6 Gründe, warum ein eigener Blog bei der Arbeit in der PR von Vorteil ist

  1. How to blog
    Das Schreiben von Online Texten will gelernt sein – dazu gehört auch das Bloggen. Am Anfang stellen sich einem viele Fragen rund um dieses Thema: Wie strukturiere ich Blogbeiträge, damit mir der Leser nicht nach den ersten Sätzen abspringt? Was muss ich im Bezug auf SEO Optimierung beachten? Wie bringe ich meine Inhalte Zielgruppen gerecht rüber? Durch deinen eigenen Blog sind dir solche Fragen nicht fremd und du kannst dein Wissen direkt bei der Arbeit einbringen. So fällt es dir von Beginn an leichter gute Blogbeiträge für deine Kunden zu schreiben.
  2. Schreiben, schreiben, schreiben – das Textieren
    Das Grundwerkzeug der PR ist der Umgang mit Worten. Sei es in einer Case Study, einem Fachartikel oder einem Blogbeitrag. Man muss ein Gefühl für Sprache haben, beziehungsweise es entwickeln. Durch deinen eigenen Blog bekommst du die Möglichkeit ganz frei, kreativ und ohne Druck dich an verschiedene Texte und Tonalitäten ranzutasten. Denn auch beim Schreiben heißt es: Übung macht den Meister.
  3. Content is key – CMS
    Zur Erstellung und Bearbeitung von Inhalten für einen Blog braucht es ein sogenanntes Content Management System (kurz: CMS). Mit eines der am Häufigsten genutzten Systeme ist WordPress. An sich ist es kein Hexenwerk sich darin zurechtzufinden, aber ein kleines Vorwissen schadet nie. So kann man Blogbeiträge noch schneller online stellen, das beste aus WordPress rausholen und alle Funktionen nutzen.
  4. Wer suchet, der findet – Recherche
    Es kommt häufig vor, dass wir für unsere Kunden Blogbeiträge schreiben. Hierfür bedarf es neben dem Input des Kunden meistens noch etwas an eigener Recherche – sei es für den Inhalt oder die passende Bildsprache. Auch für deinen eigenen Blog wirst du oft einiges an Recherche betreiben müssen, um deinen Lesern den richtigen Content zu liefern. Auf Fragen wie z.B. “Welche Seiten liefern vertrauenswürdige Inhalte?” und  “Wie komme ich am schnellsten an die richtigen Infos?” hast du dann bestimmt eine Antwort.
    Auch die Bildrecherche ist bei einem eigenen Blog durchaus ein Thema. Man muss kein Profifotograf sein, sondern kann seine Inhalte auch wunderbar mit Stockfotos untermalen. Damit das richtige – und zum eigenen Branding passende – Bild schnell gefunden wird, muss man wissen, was bei der Suche zu beachten ist. Durch einen eigenen Blog hast du hier schon Erfahrungswerte.
  5. Ein Tool für Personal Branding
    Ein Blog ist eine gute Grundlage, um deine eigene Online Präsenz zu vergrößern. Warum ist diese so wichtig? In unserem Alltag in der PR arbeiten wir mit vielen verschiedenen Menschen zusammen und oft hängt der Erfolg einer Zusammenarbeit von guten Connections ab. Deshalb ist es so wichtig, dass die Menschen wissen wer du bist, wofür du stehst und warum sie ausgerechnet mit dir zusammenarbeiten sollten. Dein Blog bietet dir die Möglichkeit dich als Thought Leader und Experte in deinem Berufsfeld zu positionieren. (Hier erfährst du noch mehr über das Thema Personal Branding)

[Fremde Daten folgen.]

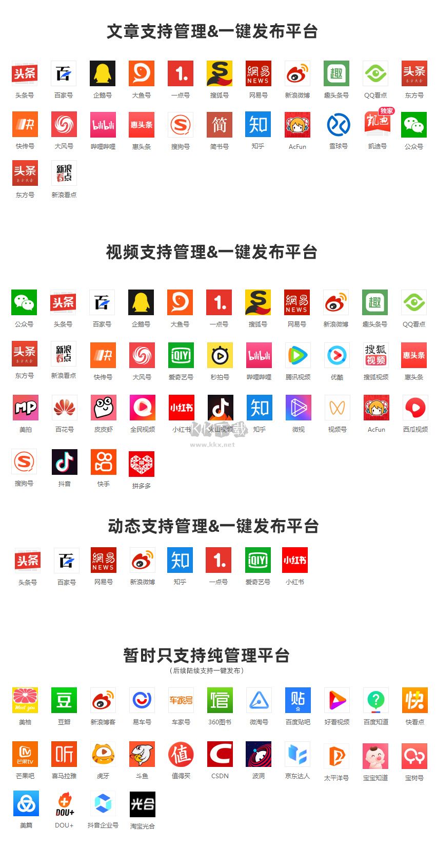 易媒助手截止2022年6月,支持近70+平臺,新平臺新功能持續(xù)開發(fā)中,現(xiàn)支持平臺如下所示
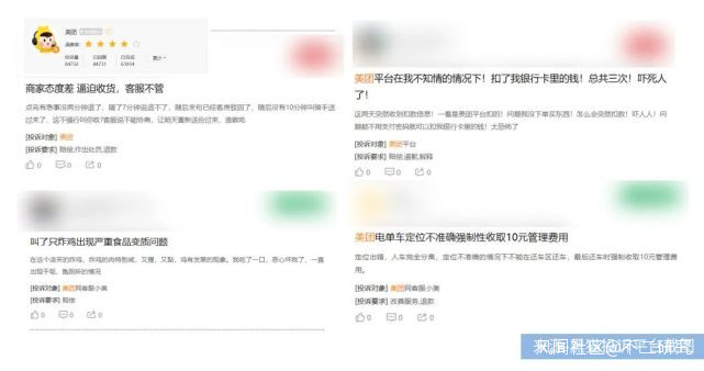 除此之外,黑貓投訴上有關美團的投訴內容五花八門:食品變質、服務態度差,虛假營銷,甚至電影票買完就降價、共享單車定位不準亂扣管理費等等。

Du siehst, ein eigener Blog hat einige Vorteile, die dir deine alltägliche Arbeit in der PR erleichtern und zu mehr Erfolg führen werden. Angefangen bei den Basics des Bloggings, über das Handwerkszeug der PR hinzu Personal Branding. Und keine Angst, falls du keinen eigenen Blog hast! Als Trainee bei Maisberger darfst du deiner Kreativität auch regelmäßig hier auf Trainee Insights freien Lauf lassen.

Happy Blogging!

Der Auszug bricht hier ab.